Of the 4.7 million prefab homes delivered nationwide in recent decades, more than half are in 10 Southern states. Texas leads the country, with nearly 600,000 units, and North Carolina is second, with over 330,000, the U.S. Census shows. The “East South Central” region, which spans from Kentucky to Alabama, has the highest concentration of manufactured homes in the country, at 9.3%.
The dwellings are exempt from state and local energy codes, and older models are notoriously energy inefficient, with thin insulation, drafty windows and doors, and often outdated modes of heating and cooling.
“It’s easy to see, with an older … home, a $300 or $400 heating bill in the wintertime,” said Brad Rouse, executive director of the Asheville, North Carolina–based Energy Savers Network, which works to install energy-savings measures for modest-income households in the region.
High monthly costs tend to be especially difficult for manufactured home residents to handle: Their median income is $40,000, less than half that of families living in site-built houses. The Southeast, meanwhile, is the most energy-burdened region in the country, with one in three households struggling to pay their energy bills.
Residents of modular homes often “don’t have money left over,” Rouse said. “To have high winter heating and cooling bills can really hit them pretty hard in the pocketbook.”
The recently passed law includes two major provisions to unleash more manufactured housing across the country, said Mark Kresowik, senior policy director at the American Council for an Energy-Efficient Economy.
One is the reauthorization of a grant program to help families replace older non–site-built houses, including those constructed before the U.S. Department of Housing and Urban Development had any efficiency standards whatsoever.
“If you go from a pre–HUD Code home,” Kresowik said, to a gold-standard version like those being built in Vermont, “you’re talking about potentially a 50% reduction in the energy use inside that home. That’s huge.”
The law also removes a mandate that manufactured houses, once widely called “trailers,” be built on a permanent steel chassis that allows them to be transported. Some 90% of such homes never move after their initial setup.
As housing manufacturers retool their facilities according to the new chassis rule, they also have an opportunity to make adjustments to account for upcoming efficiency requirements, Kresowik said.
“This is the perfect time to also update those factories to deliver lower-cost homes to live in,” he said.
The U.S. Department of Housing and Urban Development last updated standards for manufactured homes in 1994. In 2007, a bipartisan law required the Department of Energy to issue more protective rules, aligned with model standards for site-built homes.
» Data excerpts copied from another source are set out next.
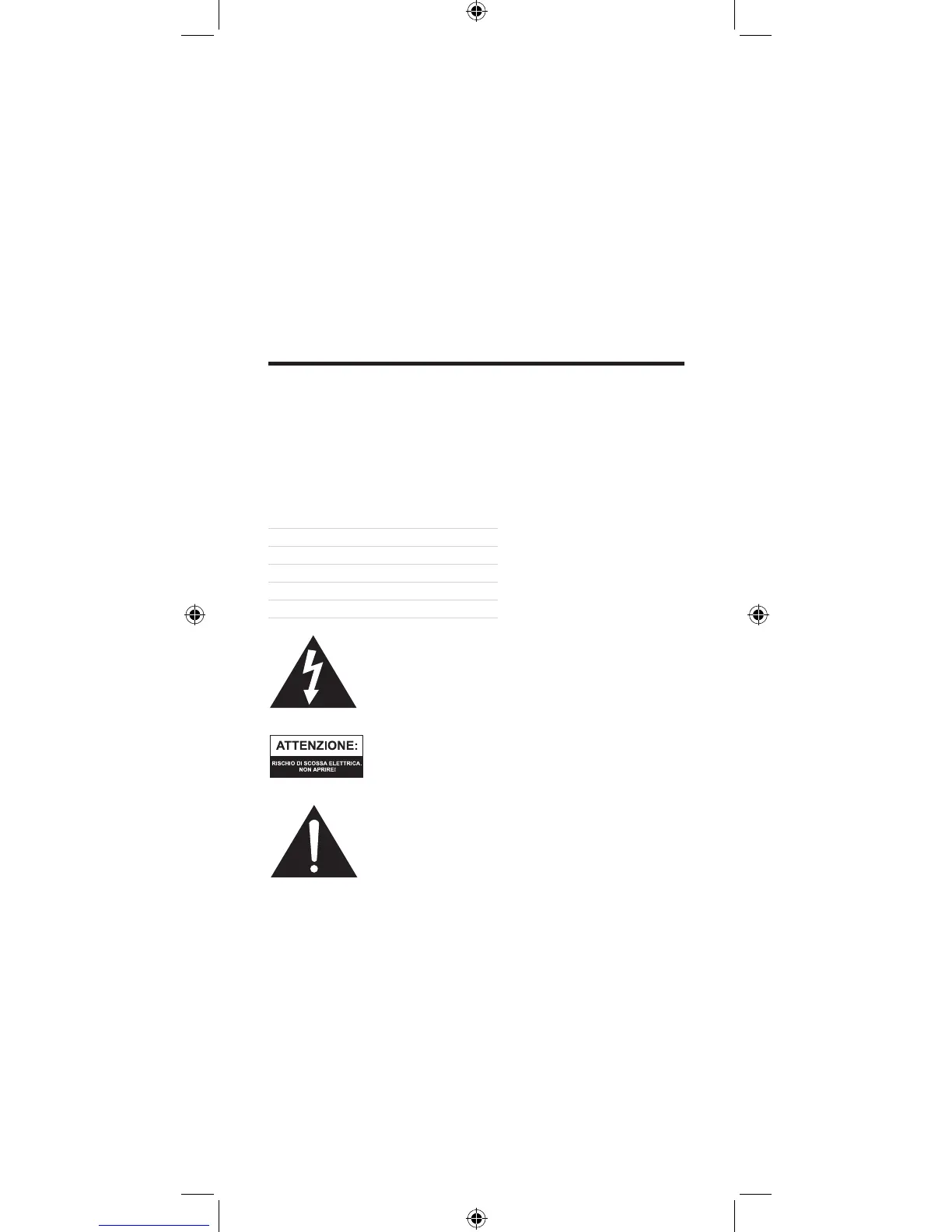 ATTENZIONE: Per evitare scosse elettriche non utilizzare questa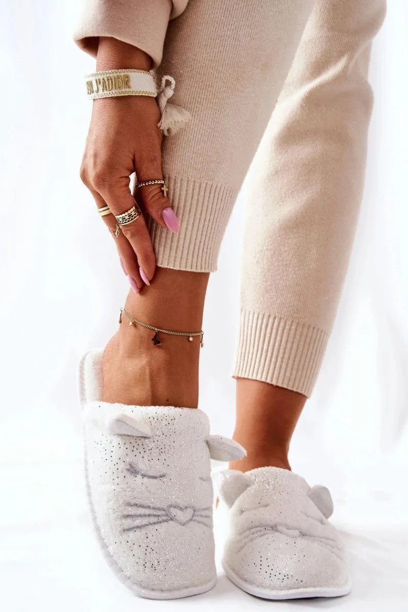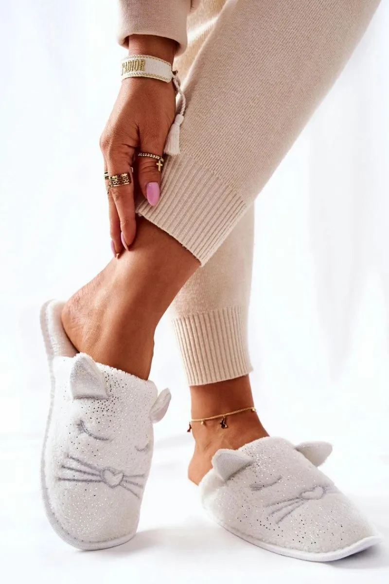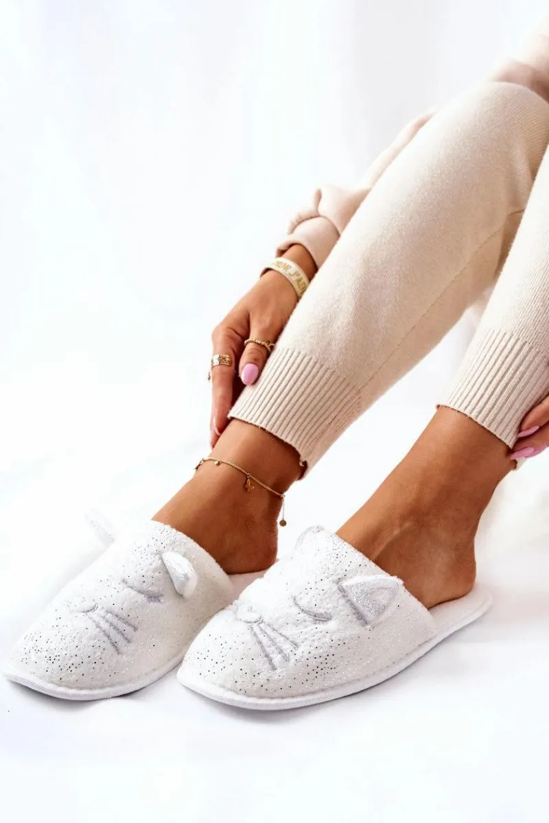 Błyszczące papcie na chłodne dni i wieczory. Wykonane z delikatnego i przyjemnego w dotyku materiału. Na przodzie znajduje się uroczy, wyszyty nosek z wąsami oraz przyszyte uszy. Papcie posiadają ocieplaną wkładkę. Spraw sobie nową parę papci i ciesz się wygodą i ciepłem! Przy wyborze rozmiaru prosimy sugerować się tabelą rozmiarów.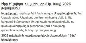 The Exaltation of the Holy Cross, known in Armenian tradition as Khachverats or Surp Khach, is one of the major feast days of the Armenian Apostolic Church. The holiday commemorates the discovery and exaltation of the True Cross and symbolizes faith, sacrifice, and spiritual victory.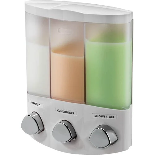 The Euro series of soap and shower dispensers are beautiful solutions for the messy problem of bottle clutter. The Trio is easy to install and easy to use. It is the perfect shower accessory, whether you install it flat on the wall or in a corner to make use of un-usable shower space.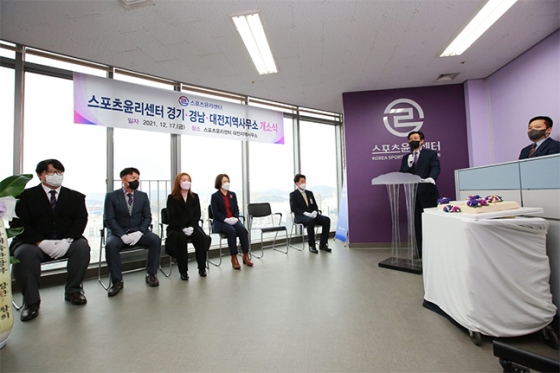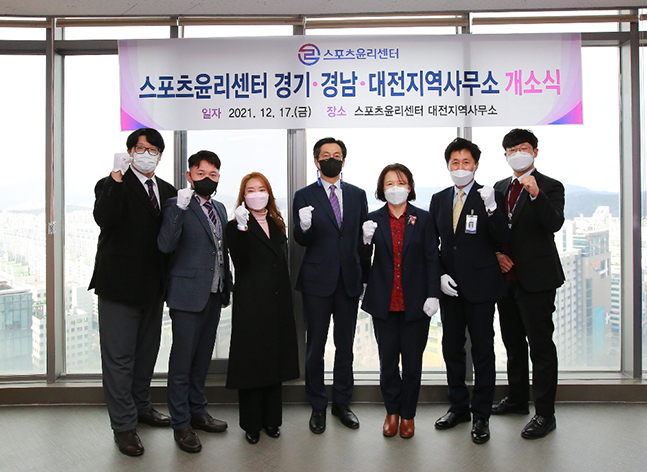 스포츠윤리센터는 지난 17일 대전 등 3곳에 스포츠윤리센터 지역사무소 개소식을 열고 본격적으로 업무를 시작했다고 밝혔다. 대전지역사무소에서 열린 개소식에는 이은정 스포츠윤리센터 이사장과 유병채 문화체육관광부 체육국장, 안상미 쇼트트랙 해설위원 등이 참석했다.
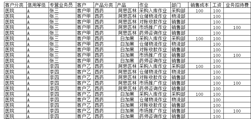 可查询客户与产品、部门、作业的任意组合的成本。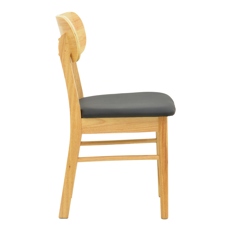 Καρέκλα Bedona pakoworld rubberwood σε φυσική απόχρωση με μαύρο pu μαξιλάρι 47x46x80εκ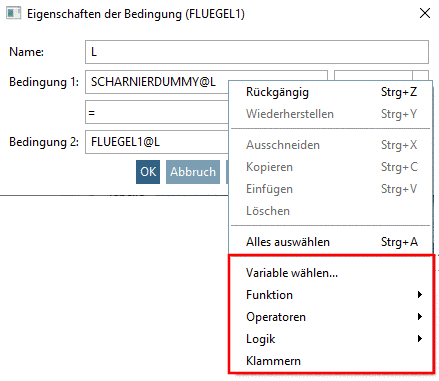 Sie können im Feld Bedingung 1 bzw. Bedingung 2 nicht nur manuell Eingaben vornehmen, sondern auch Formel- oder Variablennamen platzieren. Per Kontextmenü (sekundäre Maustaste) werden umfangreiche Möglichkeiten angeboten: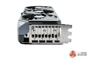 As expected, power is delivered by a single 12V-2X6 connector. Display outputs consist of three DP 2.1 and one HDMI 2.1 ports.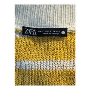 ZARA Women’s Small Yellow and White Striped Knit Rustic Sweater Vest Oversized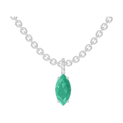 Colgante Oro blanco 9 quilates - Esmeralda Marquesa 0.3 quilates - Engastado Diamante - Cadenas Esclavas

In 2022, the Biden administration finally complied, but those criteria never went into effect, and Trump paused them indefinitely last summer.
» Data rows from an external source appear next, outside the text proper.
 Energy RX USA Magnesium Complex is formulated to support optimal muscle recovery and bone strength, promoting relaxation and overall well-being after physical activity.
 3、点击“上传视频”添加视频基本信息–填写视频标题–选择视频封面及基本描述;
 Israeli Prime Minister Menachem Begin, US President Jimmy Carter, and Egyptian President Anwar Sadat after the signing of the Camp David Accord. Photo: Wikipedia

Last week’s housing law doesn’t repeal the DOE requirement adopted in 2007. But it does specify that only HUD can promulgate and enforce efficiency rules, and says the agency must do so in a year’s time. It also mandates new standards every three years.
Under the 2022 proposal, the average double-wide home was expected to cost $4,222 more up front, a figure that would be offset in less than five years in the form of lower energy bills. For single-wide units, the additional up-front costs were pegged at $660, which households would recoup within one year.
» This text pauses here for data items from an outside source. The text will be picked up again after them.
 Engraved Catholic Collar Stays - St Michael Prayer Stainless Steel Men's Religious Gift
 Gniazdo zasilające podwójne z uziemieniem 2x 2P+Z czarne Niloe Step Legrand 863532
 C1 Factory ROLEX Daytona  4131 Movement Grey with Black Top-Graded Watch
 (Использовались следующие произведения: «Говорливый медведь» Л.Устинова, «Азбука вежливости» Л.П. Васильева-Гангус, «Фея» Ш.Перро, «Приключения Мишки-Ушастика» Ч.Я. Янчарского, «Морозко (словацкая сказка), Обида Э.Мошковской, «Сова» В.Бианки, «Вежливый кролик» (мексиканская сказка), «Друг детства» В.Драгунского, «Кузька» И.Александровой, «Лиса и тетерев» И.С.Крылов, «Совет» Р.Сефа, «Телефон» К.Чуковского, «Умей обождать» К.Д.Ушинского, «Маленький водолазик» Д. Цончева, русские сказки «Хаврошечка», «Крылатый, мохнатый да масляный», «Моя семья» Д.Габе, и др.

Some half of all manufactured homes are already built well above the minimum code. Yet the industry has long resisted new rules, and the second Trump administration has been hostile to energy efficiency efforts. So advocates like Kresowik have their work cut out for them to push HUD to devise standards that are at least as strong as those proposed four years ago.
“In this moment where voters have clearly communicated that lowering their costs is a top priority, this would be a thing that HUD can do,” Kresowik said. “[Updated standards] should deliver tremendous energy savings and cost savings. They should lower the cost to live inside a manufactured home.”
Elizabeth Ouzts is a contributing reporter at Canary Media who covers North Carolina and Virginia.